## Exercise material
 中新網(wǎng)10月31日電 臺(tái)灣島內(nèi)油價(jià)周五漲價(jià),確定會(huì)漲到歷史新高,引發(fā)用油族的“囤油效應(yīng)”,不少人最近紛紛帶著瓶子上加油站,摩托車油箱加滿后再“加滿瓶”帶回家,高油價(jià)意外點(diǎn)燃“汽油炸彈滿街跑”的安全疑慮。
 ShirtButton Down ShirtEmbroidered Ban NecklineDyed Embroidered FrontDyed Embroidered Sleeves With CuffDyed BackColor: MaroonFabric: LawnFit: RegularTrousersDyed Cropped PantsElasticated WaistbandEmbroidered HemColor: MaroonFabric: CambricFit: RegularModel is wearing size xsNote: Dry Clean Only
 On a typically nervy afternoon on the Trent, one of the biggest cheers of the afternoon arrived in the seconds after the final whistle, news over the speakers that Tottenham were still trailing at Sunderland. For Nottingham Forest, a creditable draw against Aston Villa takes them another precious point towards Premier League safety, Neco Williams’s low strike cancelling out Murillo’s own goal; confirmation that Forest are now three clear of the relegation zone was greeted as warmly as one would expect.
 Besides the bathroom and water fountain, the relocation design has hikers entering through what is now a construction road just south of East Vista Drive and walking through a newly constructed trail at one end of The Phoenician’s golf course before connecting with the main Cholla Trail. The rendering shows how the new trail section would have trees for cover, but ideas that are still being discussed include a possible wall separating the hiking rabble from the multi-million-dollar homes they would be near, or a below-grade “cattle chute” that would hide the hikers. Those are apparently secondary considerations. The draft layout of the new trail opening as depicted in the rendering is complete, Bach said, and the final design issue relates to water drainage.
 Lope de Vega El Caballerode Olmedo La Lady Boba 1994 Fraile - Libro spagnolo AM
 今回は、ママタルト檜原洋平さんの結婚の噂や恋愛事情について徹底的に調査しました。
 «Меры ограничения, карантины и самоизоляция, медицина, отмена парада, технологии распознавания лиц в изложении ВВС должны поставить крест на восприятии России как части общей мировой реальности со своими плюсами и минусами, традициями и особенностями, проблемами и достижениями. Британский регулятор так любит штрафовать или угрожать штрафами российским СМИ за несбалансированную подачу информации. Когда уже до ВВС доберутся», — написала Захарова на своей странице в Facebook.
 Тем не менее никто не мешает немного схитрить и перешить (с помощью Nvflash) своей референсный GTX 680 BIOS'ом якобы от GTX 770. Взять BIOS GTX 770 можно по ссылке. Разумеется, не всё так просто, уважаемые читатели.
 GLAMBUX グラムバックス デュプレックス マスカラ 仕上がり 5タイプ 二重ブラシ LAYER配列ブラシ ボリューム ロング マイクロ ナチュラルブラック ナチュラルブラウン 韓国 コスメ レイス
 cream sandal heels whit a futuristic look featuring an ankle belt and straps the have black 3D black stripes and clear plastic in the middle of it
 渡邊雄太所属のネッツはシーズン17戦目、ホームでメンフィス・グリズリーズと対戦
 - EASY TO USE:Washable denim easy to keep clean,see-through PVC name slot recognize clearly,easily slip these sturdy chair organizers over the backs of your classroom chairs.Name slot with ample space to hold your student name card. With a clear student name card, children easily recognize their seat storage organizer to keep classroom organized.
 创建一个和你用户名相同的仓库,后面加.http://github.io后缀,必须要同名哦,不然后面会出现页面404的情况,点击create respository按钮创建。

## About this exercise
Each line of the material above must be reproduced exactly.

## Completed task
 中新網(wǎng)10月31日電 臺(tái)灣島內(nèi)油價(jià)周五漲價(jià),確定會(huì)漲到歷史新高,引發(fā)用油族的“囤油效應(yīng)”,不少人最近紛紛帶著瓶子上加油站,摩托車油箱加滿后再“加滿瓶”帶回家,高油價(jià)意外點(diǎn)燃“汽油炸彈滿街跑”的安全疑慮。
 ShirtButton Down ShirtEmbroidered Ban NecklineDyed Embroidered FrontDyed Embroidered Sleeves With CuffDyed BackColor: MaroonFabric: LawnFit: RegularTrousersDyed Cropped PantsElasticated WaistbandEmbroidered HemColor: MaroonFabric: CambricFit: RegularModel is wearing size xsNote: Dry Clean Only
 On a typically nervy afternoon on the Trent, one of the biggest cheers of the afternoon arrived in the seconds after the final whistle, news over the speakers that Tottenham were still trailing at Sunderland. For Nottingham Forest, a creditable draw against Aston Villa takes them another precious point towards Premier League safety, Neco Williams’s low strike cancelling out Murillo’s own goal; confirmation that Forest are now three clear of the relegation zone was greeted as warmly as one would expect.
 Besides the bathroom and water fountain, the relocation design has hikers entering through what is now a construction road just south of East Vista Drive and walking through a newly constructed trail at one end of The Phoenician’s golf course before connecting with the main Cholla Trail. The rendering shows how the new trail section would have trees for cover, but ideas that are still being discussed include a possible wall separating the hiking rabble from the multi-million-dollar homes they would be near, or a below-grade “cattle chute” that would hide the hikers. Those are apparently secondary considerations. The draft layout of the new trail opening as depicted in the rendering is complete, Bach said, and the final design issue relates to water drainage.
 Lope de Vega El Caballerode Olmedo La Lady Boba 1994 Fraile - Libro spagnolo AM
 今回は、ママタルト檜原洋平さんの結婚の噂や恋愛事情について徹底的に調査しました。
 «Меры ограничения, карантины и самоизоляция, медицина, отмена парада, технологии распознавания лиц в изложении ВВС должны поставить крест на восприятии России как части общей мировой реальности со своими плюсами и минусами, традициями и особенностями, проблемами и достижениями. Британский регулятор так любит штрафовать или угрожать штрафами российским СМИ за несбалансированную подачу информации. Когда уже до ВВС доберутся», — написала Захарова на своей странице в Facebook.
 Тем не менее никто не мешает немного схитрить и перешить (с помощью Nvflash) своей референсный GTX 680 BIOS'ом якобы от GTX 770. Взять BIOS GTX 770 можно по ссылке. Разумеется, не всё так просто, уважаемые читатели.
 GLAMBUX グラムバックス デュプレックス マスカラ 仕上がり 5タイプ 二重ブラシ LAYER配列ブラシ ボリューム ロング マイクロ ナチュラルブラック ナチュラルブラウン 韓国 コスメ レイス
 cream sandal heels whit a futuristic look featuring an ankle belt and straps the have black 3D black stripes and clear plastic in the middle of it
 渡邊雄太所属のネッツはシーズン17戦目、ホームでメンフィス・グリズリーズと対戦
 - EASY TO USE:Washable denim easy to keep clean,see-through PVC name slot recognize clearly,easily slip these sturdy chair organizers over the backs of your classroom chairs.Name slot with ample space to hold your student name card. With a clear student name card, children easily recognize their seat storage organizer to keep classroom organized.
 创建一个和你用户名相同的仓库,后面加.http://github.io后缀,必须要同名哦,不然后面会出现页面404的情况,点击create respository按钮创建。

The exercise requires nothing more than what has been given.